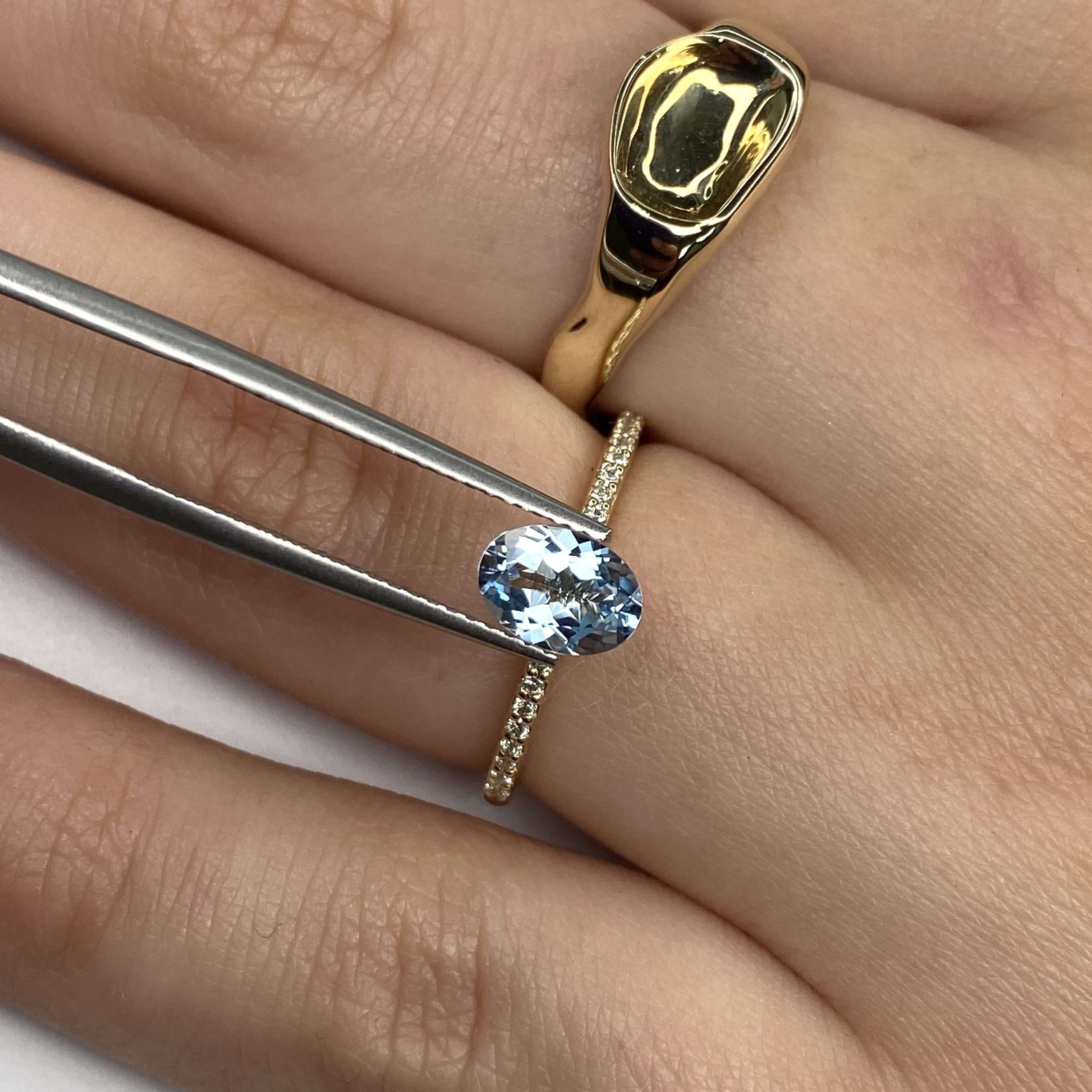 The oval cut enhances the aquamarine’s natural brilliance while creating a soft, elongated silhouette that complements a wide range of jewellery designs. Weighing 0.65 carats and measuring approximately 7.05 x 5.07 x 3.10mm, this gemstone offers a delicate yet noticeable presence.
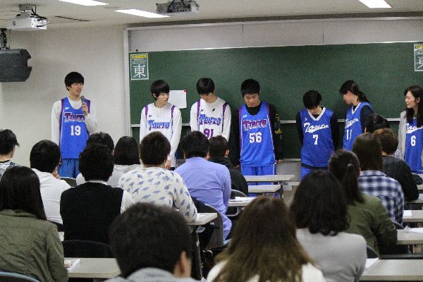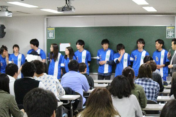 今年度入学されたばかりの新入生たちを対象に、2016年4月7日(木)、本校クラブ活動である、バスケットボール部、バレーボール部、サッカー部、野球部、格闘技部、水泳部の6つのクラブによる「クラブ活動紹介」を開催しました。少し緊張した様子の新入生を和ませようと、在校生たちがそれぞれのクラブ活動で趣向を凝らした発表を行い、時には新入生皆さんの笑いを誘う場面もありました。
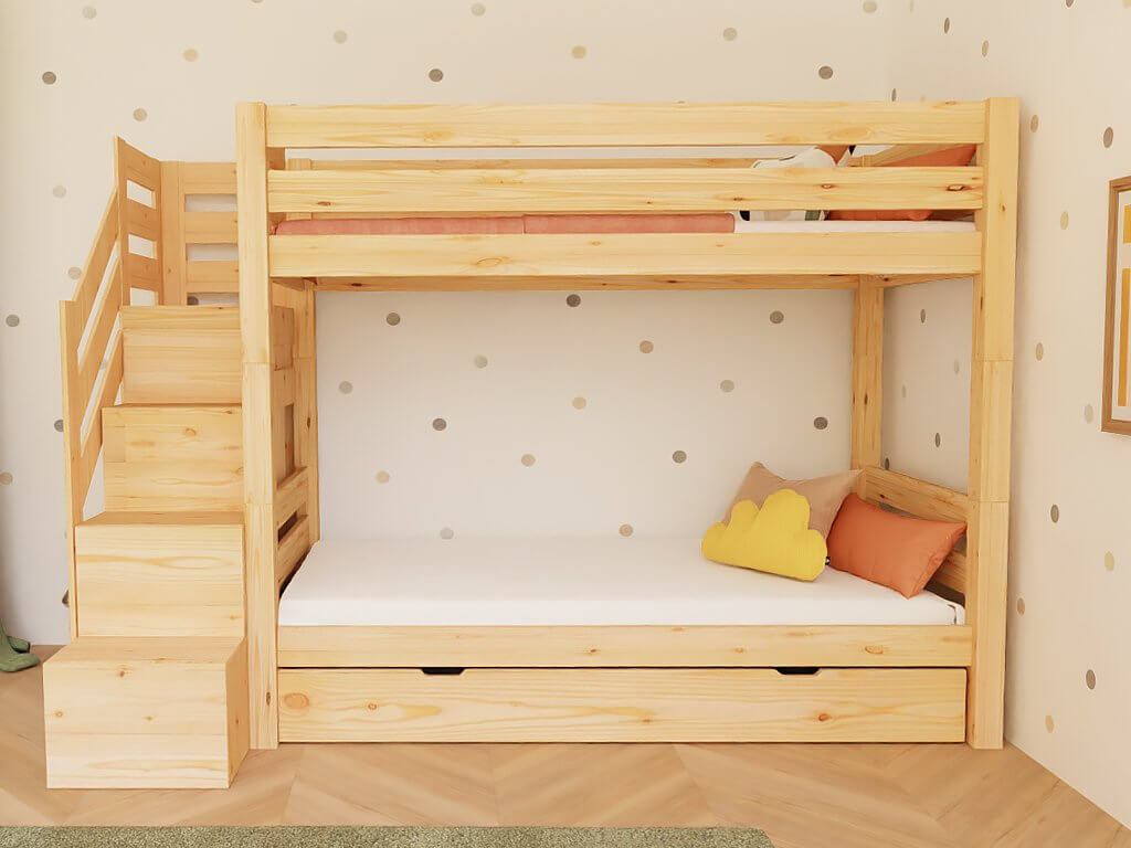 Das Etagenbett THEA bietet eine durchdachte und platzsparende Schlaflösung für Kinderzimmer. Gefertigt aus massivem Kiefernholz, überzeugt es durch Stabilität und Langlebigkeit.

++++++++++++++++++++

● **How to complete this task**
What is needed is an exact copy of the lines from the start of the listing above through the line that holds "今年度入学されたばかりの新入", with the pictures left out.

● **Task answer**
 The oval cut enhances the aquamarine’s natural brilliance while creating a soft, elongated silhouette that complements a wide range of jewellery designs. Weighing 0.65 carats and measuring approximately 7.05 x 5.07 x 3.10mm, this gemstone offers a delicate yet noticeable presence.
 今年度入学されたばかりの新入生たちを対象に、2016年4月7日(木)、本校クラブ活動である、バスケットボール部、バレーボール部、サッカー部、野球部、格闘技部、水泳部の6つのクラブによる「クラブ活動紹介」を開催しました。少し緊張した様子の新入生を和ませようと、在校生たちがそれぞれのクラブ活動で趣向を凝らした発表を行い、時には新入生皆さんの笑いを誘う場面もありました。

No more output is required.